Prediction of metabolic drug clearance in humans: In vitro–in vivo extrapolation vs allometric scaling

Previously in vitro–in vivo extrapolation (IVIVE) with the Simcyp Clearance and Interaction Simulator® has been used to predict the clearance of 15 clinically used drugs in humans. The criteria for the selection of the drugs were that they are used as probes for the activity of specific cytochromes P450 (CYPs) or have a single CYP isoform as the major or sole contributor to their metabolism and that they do not exhibit non-linear kinetics in vivo. Where data were available for the clearance of the drugs in at least three animal species, the predictions from IVIVE have now been compared with those based on allometric scaling (AS). Adequate data were available for estimating oral clearance (CL_p.o.) in 9 cases (alprazolam, sildenafil, caffeine, clozapine, cyclosporine, dextromethorphan, midazolam, omeprazole and tolbutamide) and intravenous clearance in 6 cases (CL_i.v.) (cyclosporine, diclofenac, midazolam, omeprazole, theophylline and tolterodine). AS predictions were based on five different methods: (1) simple allometry (clearance versus body weight); (2) correction for maximum life-span potential (CL?×?MLP); (3) correction for brain weight (CL?×?BrW); (4) the use of body surface area; and (5) the rule of exponents. A prediction accuracy was indicated by mean-fold error and the Pearson product moment correlation coefficient.
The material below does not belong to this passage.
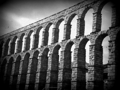 Professional Photographer David Adam Kess - A Black and White Photo of the Aqueduct of Segovia in Spain - The Aqueduct, one of the best preserved ancient monuments and has 44 double arches (or 88 when counted individually) and 79 single arches -- a total of 167. The Aqueduct of Segovia was built during the reign of Roman Emperor Trajan and is still in use today, carrying water from the Frío river to the town of Segovia. The bridge, which consists of 24,000 granite blocks, was constructed without the use of mortar and each of its 167 arches is more than nine meters high. The Aqueduct of Segovia was completed in AD 50. more info at the wikipedia page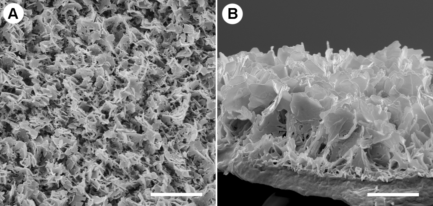 Original caption: "(A–B) Microstructure of the crystalline wax layer on the inner pitcher wall. (A) Top view, showing a dense network of thin, upright wax platelets (scale bar: 5 µm). The freeze-fracture side view (B) reveals the internal organisation of the surface (scale bar: 2 µm). (C–D) Microstructure of the lower lid surface. (C) Top view: the wax crystals form solid, pillar-like structures, unevenly distributed across the surface and surrounded by smooth cuticle (scale bar: 5 µm). (D) Side view of the wax pillars (scale bar: 2 µm)."

Predictions were considered successful if the mean-fold error was ≤2. IVIVE predictions were accurate in 14 of 15 cases (mean-fold error range: 1.02–4.00). All five AS methods were accurate in 13, 11, 10, 10 and 14 cases, respectively. However, in some cases the error of AS exceeded fivefold. On the basis of the current results, IVIVE is more reliable than AS in predicting human clearance values for drugs mainly metabolized by CYP450 enzymes. This suggests that the place of AS methods in pre-clinical drug development warrants further scrutiny.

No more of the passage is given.